Nehmen wir ein konkretes Beispiel: Stellen Sie sich einen Lehrer in Dax vor, der sechs Jahre lang an der Universität Pau unter dem Status eines „Lehrbeauftragten für Übungen“ Zivilrecht unterrichtet hat. Er kann nun argumentieren, dass seine Tätigkeit der eines Lehrbeauftragten gleichwertig war, und somit die Befreiung beantragen. Vorsicht jedoch: Er muss solide Beweise vorlegen (Verträge, Bescheinigungen der Universität, Kursprogramme).

Für Eigentümer-Vermieter oder Immobilienprofis mag diese Entscheidung weit weg erscheinen. Aber wenn Sie eine Umschulung im Rechtsbereich erwägen oder einen Juristen beschäftigen, wissen Sie, dass der Weg über die universitäre Lehre eine Abkürzung zur Anwaltschaft sein kann. In Biscarrosse könnte ein Immobilienmakler, der auf Immobilienrecht spezialisierter Rechtsanwalt werden möchte, so seine Jahre

Questions fréquentes

Qui peut bénéficier de la dispense de formation d'avocat prévue à l'article 98 du décret de 1991 ?

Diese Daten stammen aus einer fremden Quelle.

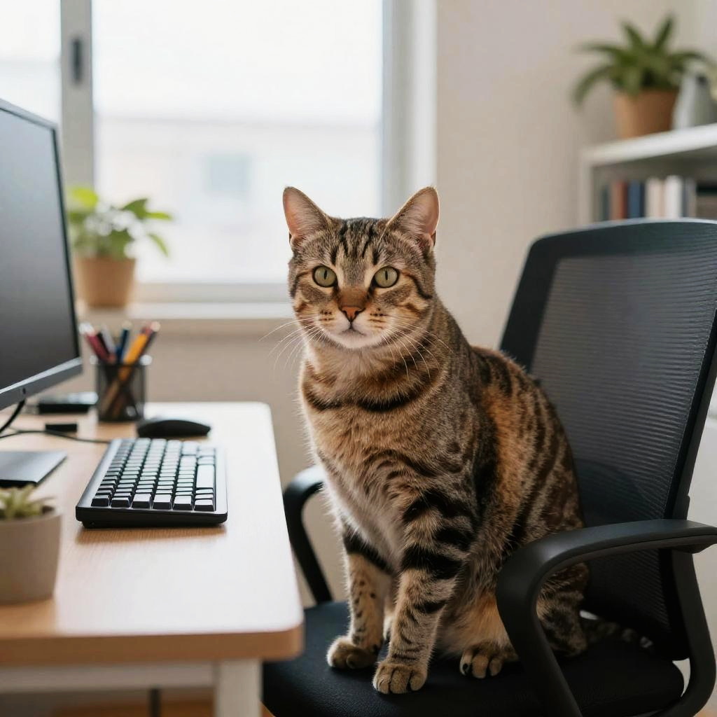 Masterpiece, best quality, 8K, photorealistic, cat on chair, working in the office
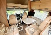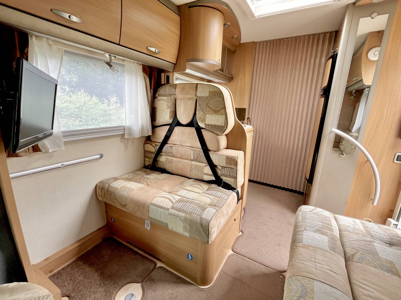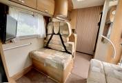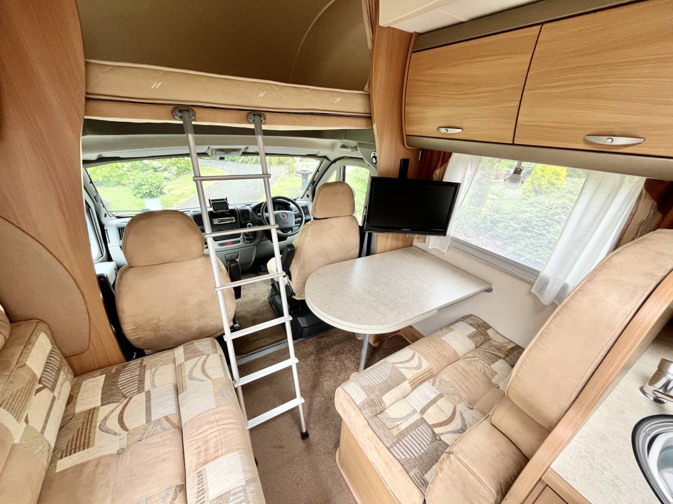 Once inside you will see the large spacious dinette and socialising area comprising of a large single bench seat with good storage underneath and opposite a further bench seat also with storage below, this area has two 3 point seat belts allowing 2 rear passengers to travel in safety when needed, there is an extendable dining table which can be removed when not required along with a Tv and bracket and further overhead lockers for storage. As we stand in the dinette lounge we can see the large overcab bed and storage for the access ladder. This large bed space .can also be used as an additional storage area. Below in the spacious cab we have twin swivel captains seats, radio, bluetooth, reverse camera, satellite navigation, and full cab blinds.

Les docteurs en droit qui ont enseigné pendant au moins cinq ans en qualité de maître de conférence, maître assistant ou chargé de cours dans une UFR juridique, même si cette fonction n'est plus officiellement conférée aujourd'hui.

Puis-je demander la dispense si j'étais chargé de travaux dirigés et non chargé de cours ?

Oui, si vous prouvez que vos fonctions étaient équivalentes à celles d'un chargé de cours. La Cour de cassation privilégie la réalité des fonctions sur l'intitulé du poste.

Quels sont les délais pour contester un refus de dispense ?

Vous avez deux mois à compter de la notification du refus par le conseil de l'ordre pour saisir la cour d'appel.

Combien coûte une procédure de contestation de refus de dispense ?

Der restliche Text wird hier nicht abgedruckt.